OpenTreeOfLife / germinator

miscellaneous scripts and data for concerns that span more than one of the Open Tree code repositories: integration tests, system statistics, etc.
BSD 2-Clause "Simplified" License
21 stars 7 forks source link

link supporting_studies ids to supported nodes in induced_subtree #125

Open arlin opened 7 years ago

arlin commented 7 years ago

Currently, induced_subtree will provide ids for studies supporting the topology of the returned tree. The implementation of this in the phylotastic portal last week elicited immediate enthusiasm. This could be an incredibly valuable entrez into the literature for researchers interested in specific nodes (or teachers demonstrating to students how the Tree of Life rests on supporting work), but it may be frustrating if there are multiple studies to chase down. For instance, the user might receive a tree with 25 internal nodes that lists 8 supporting studies. A scientific user who is actually interested in tracking down supporting studies will want to know which studies support which nodes.

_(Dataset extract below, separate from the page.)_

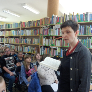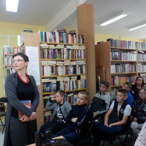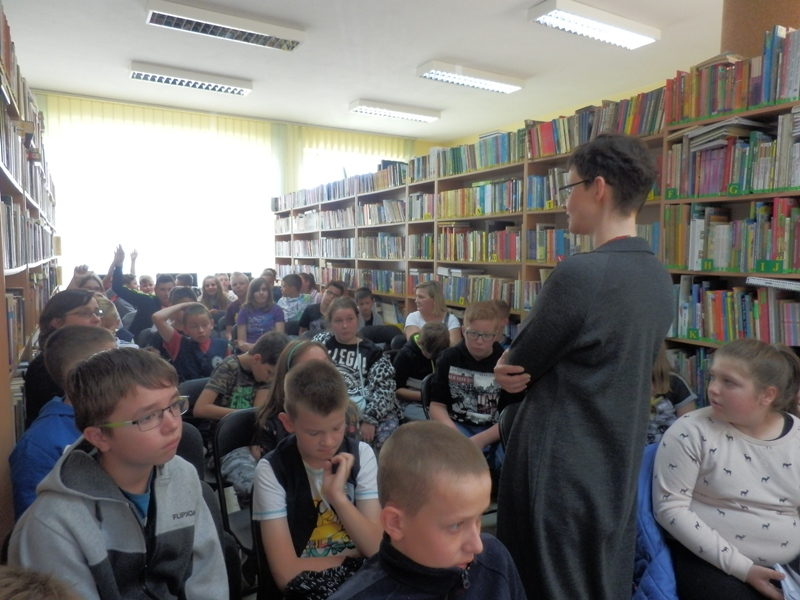 W bibliotece spotkała się z uczniami klasy IV szkoły W Mariance oraz klasy V w Stojadłach. W interesujący sposób zapoznała młodych czytelników ze swoją twórczością. Wzbudziła w nich potrzebę czytania.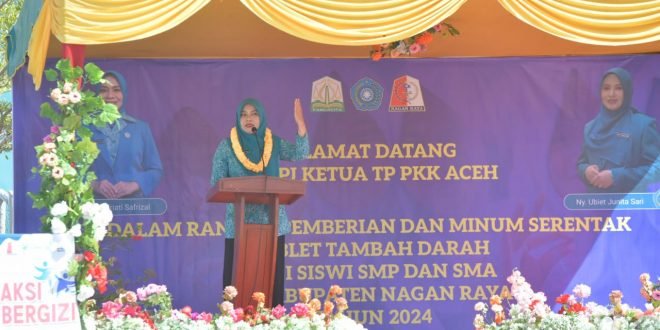 Hal tersebut disampaikan oleh Pj Ketua TP PKK Aceh Safriati, dalam sambutannya saat berkunjung ke SMP Negeri 1 Seunagan dalam rangka pemberian tablet tambah darah untuk siswi SMP dan SMA. Kegiatan yang dilaksanakan dalam rangka peringatan Hari Ibu 2024 ini bertujuan untuk pencegahan stunting sejak dini, Senin (2/12/2024).

The expert user who knows what she is doing can cut her query down to just 3 OTUs and this will make it easier to target a single node in order to find supporting studies.

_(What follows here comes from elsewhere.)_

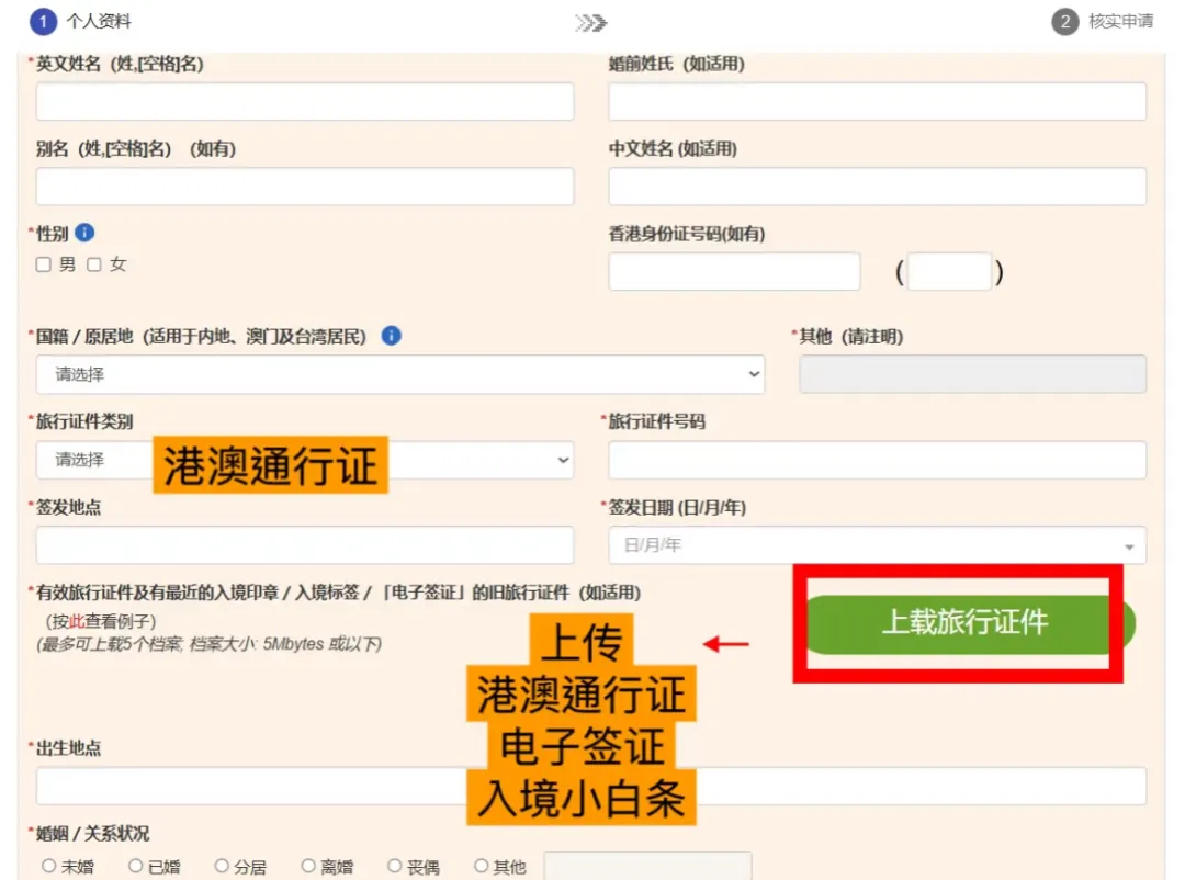 一步一步跟着网申系统操作填写,然后上传相应的证明材料,比如旅行证件、公司材料、工作材料等。

However, it may be more convenient to modify induced_subtree to include informational links from study ids to the supported nodes or edges in the tree.

Currently the tree itself cannot be loaded with this information because induced_subtree returns Newick. If the tree is returned in nexson or arguson, which may be needed for other requested features (see #124), then the links can be included in the tree.

However, even without a new format, the links can be established by phyloreferences, e.g., ancestor_node(A, B) or ancestor_edge(A, B) always implicates a specific node or edge in a rooted tree containing A and B. So the linkages could be represented as a list_of triples of the form <study_id> supports <phyloreference>. The json return by induced_subtree would then include a "newick" element with the treestring, a "supporting_studies" list, and a "support_links" list with the triples that link studies to the tree via phyloreferences.